I've been embroiled in several comment threads over at
Strange Notions, a Catholic apologetic site, on a variety of issues related to metaphysical first principles and brute facts. There, I've tested out my argument that
brute facts are unavoidable to the many Catholic apologists on the site, including Dr. Dennis Bonnette, a retired professor of philosophy who now teaches free classes at the Aquinas School of Philosophy, and is contributing author on the site.
As a reminder, that argument is:
- The traditional notion of god in classical theism is that of a timeless, changeless, immaterial mind, who also must be infinitely good, infinitely wise, and can do anything logically possible.
- All of god's will and desires must exist timelessly and eternally in an unchanging, frozen state.
- That would mean that god timelessly and eternally had the desire to create our particular universe, and not some other universe, or no universe.
- Our universe is not logically necessary; it didn't have to exist, and god didn't have to create it.
- The theist would have to show that it was logically necessary for god to create our particular universe in order to avoid eventually coming to a brute fact.
- There is no way to answer this question, even in principle, with something logically necessary.
- Thus at least one brute fact must exist even if god exists.
I think my argument is irrefutable, but I'm not so cocky that I'm unwilling to debate it. In fact, debating it is exactly what I need. I wish to put it up against the best minds in Thomism to see how they respond. And after a week of debating the argument back and forth with Dr. Bonnette, I basically got him to tacitly admit that god's eternal desire to create our particular universe, and not any other universe, or no universe, is a brute fact. He didn't acknowledge it's a brute fact of course, and he denied that it was, but he had to ground his explanation in circular reasoning.
First, one of the metaphysical first principles that Thomists like Dr. Bonnette argue cannot be denied is the
principle of sufficient reason, which states that everything must have a reason, cause, or ground for its existence. Furthermore, this reason will either have to be contingent or necessary. That is, it's either going to be dependent on something else for its explanation, or its explanation will be contained within itself, meaning, it's logically necessary.
Dr. Bonnette's view is that god's substance is identical to his will. This means that a god with a different will is a god with a different substance, and in effect, is a different god. So god with eternal desire A is a different god than god with eternal desire B. For simplicity I said let's just call them god A and god B.
There is no logically necessary reason why god A exists, rather than god B, since both are logically possible and neither is logically impossible (assuming god is not incoherent). So Dr. Bonnette's metaphysics (if granted) only covers one aspect of this: that there needs to be
a god. But it doesn't demonstrate why there needs to be god A vs god B, or any other god with a different eternal and unchanging will (which again, will be a different god).

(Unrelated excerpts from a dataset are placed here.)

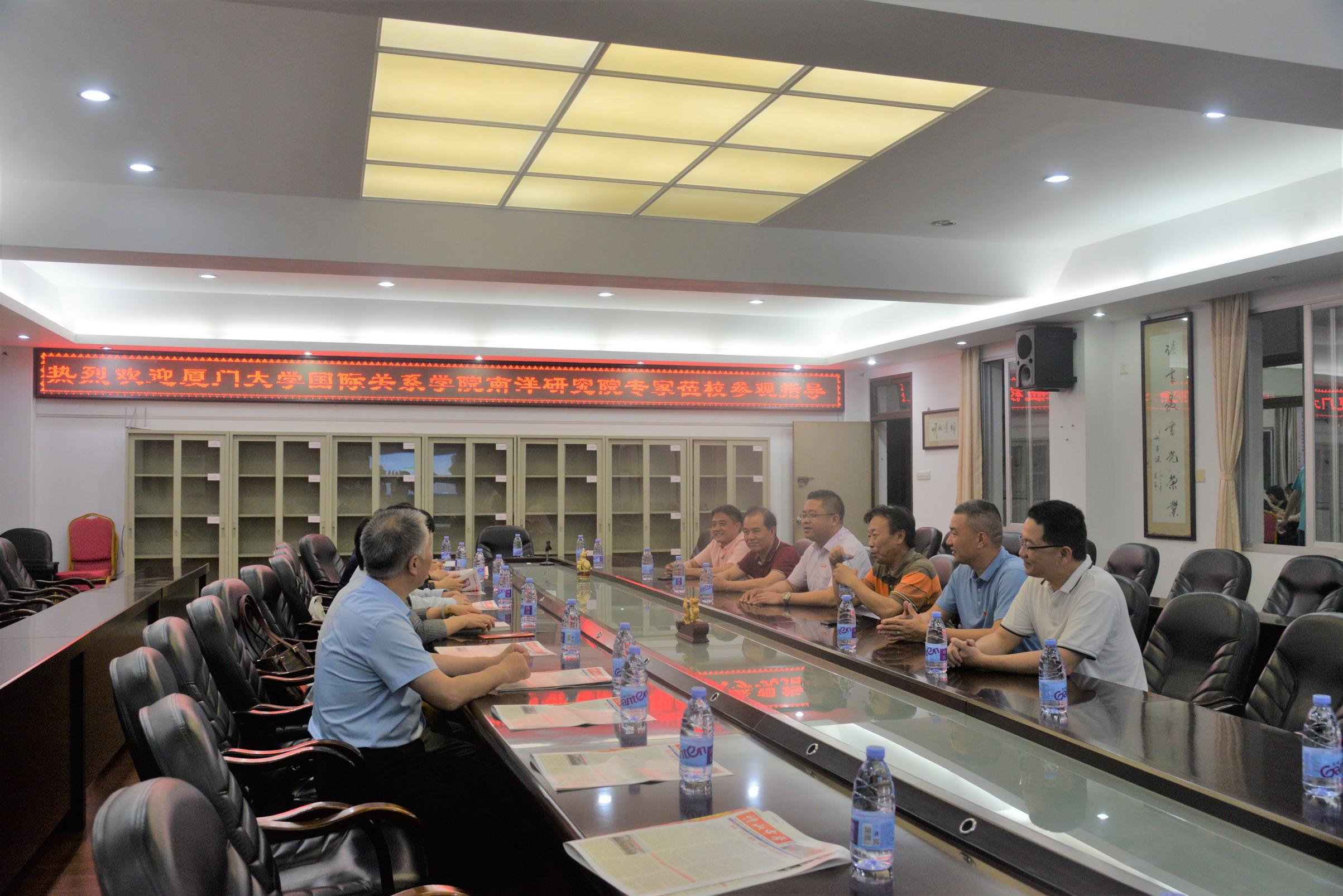 南安一中的活动结束后, 厦大师生一行立即奔赴诗山中学进行调研考察。诗山中学是南安的一所知名侨校,校长洪伟强与诗山侨联的干部介绍了诗山中学的办学历史和特色,强调诗山中学的发展得到了爱国侨亲的巨大捐助,校园内的教学楼、图书馆、体育馆、田径场都是华侨捐赠所建。在随后的座谈交流中,双方认为应该充分发挥厦大研究专长和诗山侨务资源优势,推动侨乡资源整合,在开展侨校研究、建设诗山中学侨史馆等项目中有进一步合作,把诗山中学打造为南安重要的华侨精神教育基地。
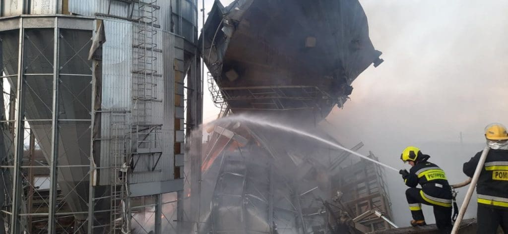 (ФОТО) Пожар в Джурджулештском порту: обрушился резервуар с шротом подсолнечника
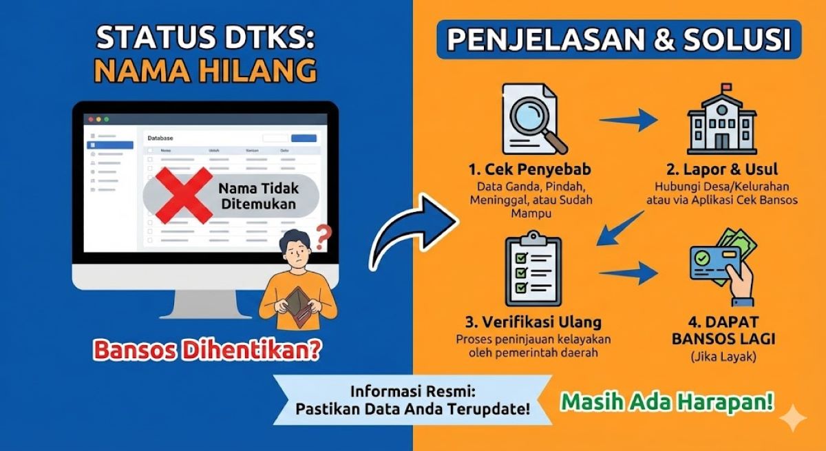 Nama hilang dari DTKS memang berdampak besar terhadap peluang menerima bansos, tetapi tidak selalu berarti tertutup sepenuhnya. Banyak faktor yang memengaruhi status DTKS, mulai dari pemutakhiran data hingga kesesuaian administrasi.
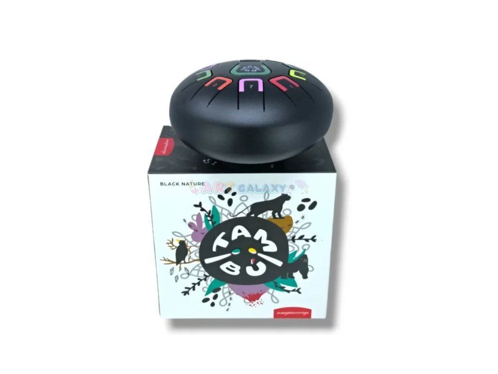 TAMBÚ je melodický kovový bubínek laděný v G dur, který okouzlí sametovým zvukem a barevným značením not. Perfektní pro děti i dospělé – bez předchozí zkušenosti s hudbou!

Since there is no logically necessary reason why god A has to exist, the reason why god A exists and not god B/C/D/E... etc, cannot be based on a logically necessary reason. Hence his metaphysics fails to explain why we have the particular god we have. Given this, only non-necessary, contingent reasons can explain why. They will all necessarily be reasons that
could have been otherwise, and ultimately when drilling down to why any particular answer explains a non-necessary aspect of god's will (and therefore his substance) he must terminate in a brute fact at some point since there is no logically necessary reason available to him.
A few comments later
he says,
The reason why God A exists and not God B is because God A does exist and God B never did. God B was never a real possibility because the only God that exists is God A. You are again trying to go back in time and think of two possibilities. God is outside of time and there never was an actual possibility of any God but him.
The explanation in his first sentence isn't a logically necessary one, and so he's admitting god A is
not logically necessary. And saying that god A exists simply because god A does, can be applied to the eternal universe:
The reason why our eternal universe exists and not another eternal universe is because our eternal universe does exist and another eternal universe never did.
It makes the logical grounding of god A no more justified than the atheist's grounding for the universe. The Thomistic theist in this sense has no edge over the atheist.